I would love to hear from anyone with the knowledge and skills to execute these ideas. Please feel free to contact me if you would like to collaborate on anything.
Abstract
Intelligence has always emerged from the layered integration of simple primitives. Binary states produce computation. Firing neurons produce cognition. Next-token prediction, run through layers of attention at scale, produces something that approximates understanding. This paper proposes a natural extension of that progression: treating the large language model itself as a primitive, and constructing a recursive, laterally-interconnected architecture of LLMs to investigate what emerges at the next layer. The central stabilizing innovation is cross-model grounding — a mechanism that prevents the hallucination drift characteristic of isolated recursive loops by continuously anchoring each model’s processing to external signals from other models, sensory input, and shared state. We describe a cognitive architecture implementing this principle, composed of specialized peripheral models feeding a central synthesis model through a continuous recursive loop, and propose specific fourth-tier behavioral predictions that the architecture is designed to investigate.
1. The Emergence Ladder
Every threshold of intelligence we recognize was invisible from the layer below it.
A transistor switching between two states contains no computation. A neuron crossing an electrochemical threshold contains no thought. And yet computation emerges from transistors organized at scale, and thought emerges from neurons organized into columns, regions, and recursive networks of networks. At each level, the organizing principle is the same: layering, integration, feedback, and scale produce properties that cannot be predicted from the behavior of the components.
This is emergence — not a metaphor, but a structural phenomenon observed across physical, biological, and computational systems.

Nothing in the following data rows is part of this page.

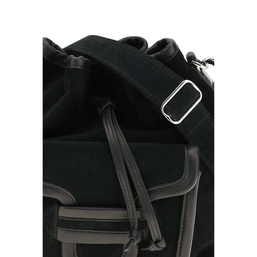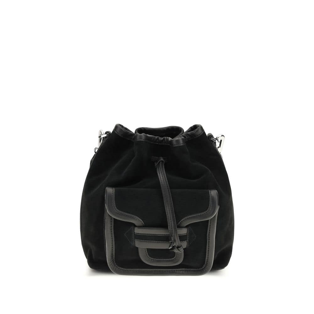 Calfskin Alpha Bucket Bag by Pierre Hardy, suede leather design, drawstring closure at top, adjustable and removable shoulder strap, single interior compartment, front patch flap pocket.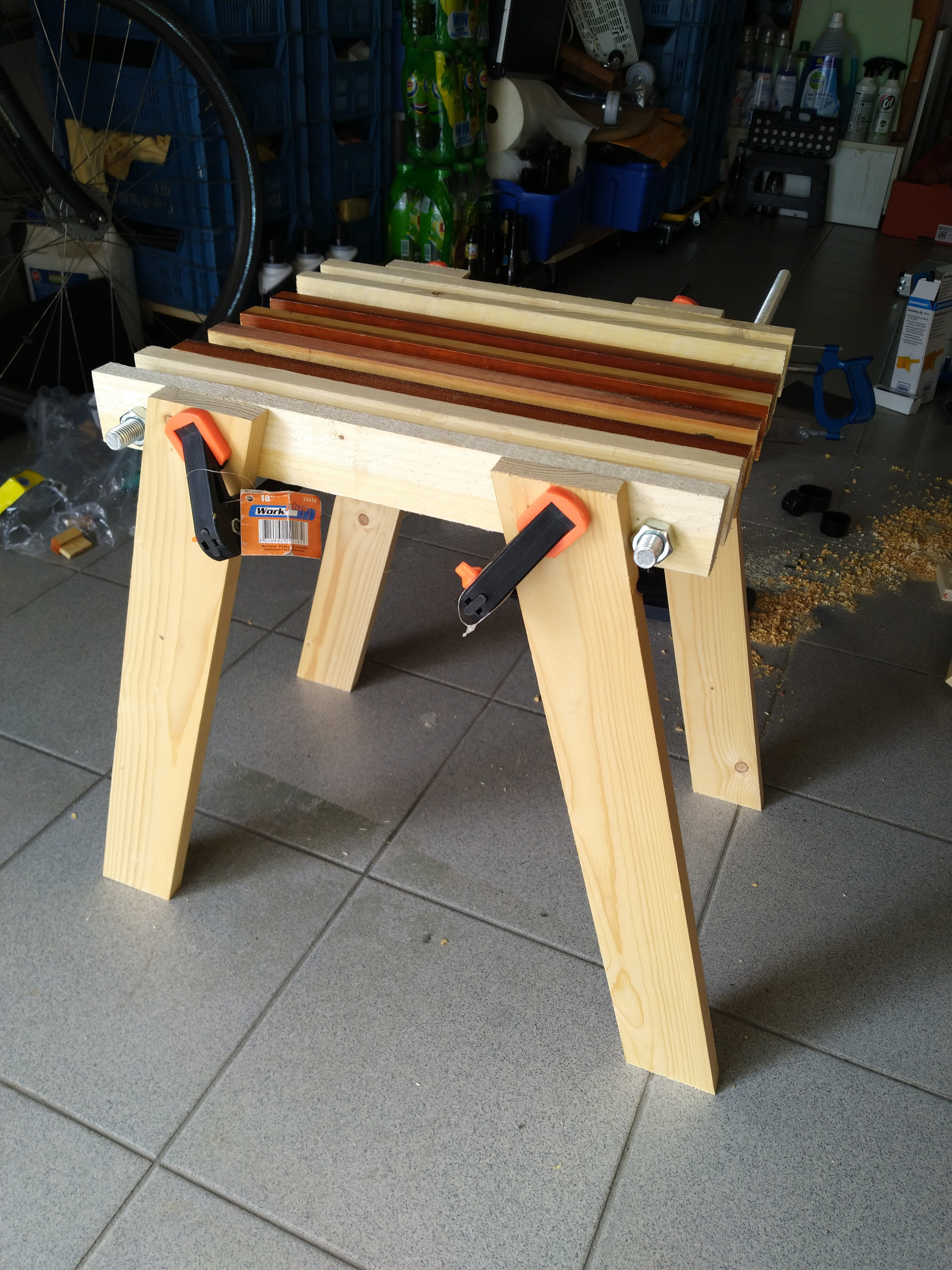 A little bench made out of scrap wood and some rods. There is also no glue used, so it's easy to take it apart later if we ever get tired of it.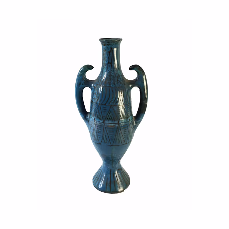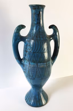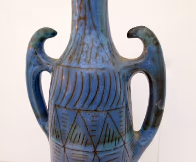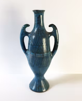 A striking tall pottery vase with sgraffito decor on matt blue glaze and unusual handles.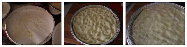 In ogni teglia mettete una palla di impasto è allargata la con le dita fino a riempirla tutta in modo uniforme. Avvolgete ogni teglia con la pellicola trasparente e lasciate lievitare ancora un’ora.

The large language model sits at the third tier of this ladder. Its primitive operation is next-token prediction: given prior context, assign probabilities to what follows. Unadorned, this is a statistical operation. But run through hundreds of layers of attention — mechanisms that learn contextual relevance and relational weight across the entire input — at sufficient scale and training depth, the system exhibits behavior that transcends prediction. It reasons, draws analogies, handles ambiguity, and responds to nuance in ways its primitive operation does not obviously license.
Whether this constitutes genuine understanding is a philosophical question this paper declines to resolve. What matters here is the structural observation: layered integration of a simple primitive produced qualitatively new behavior. That has happened twice before in the history of intelligence.
The question this paper asks is whether it can happen again.
2. The Thesis
If next-token prediction, layered through attention at scale, produces something approaching understanding — what happens when we treat the entire LLM as the primitive, and build with it the way evolution built with neurons?
Neurons are not connected in a single feedforward chain. They are organized into specialized regions with distinct functions. Those regions communicate laterally with each other. They feed upward into integration layers. They receive feedback downward from higher layers. They operate continuously, not only in response to external stimuli. And the whole system is grounded — anchored to sensory reality, to time, to the body.
This paper proposes that intelligence may scale not only with model size, but with architectural recursion across models. The LLM-as-neuron is the organizing idea: individual language models treated as primitive units in a higher-order cognitive architecture, wired together recursively, laterally, and hierarchically, running continuously against a shared world.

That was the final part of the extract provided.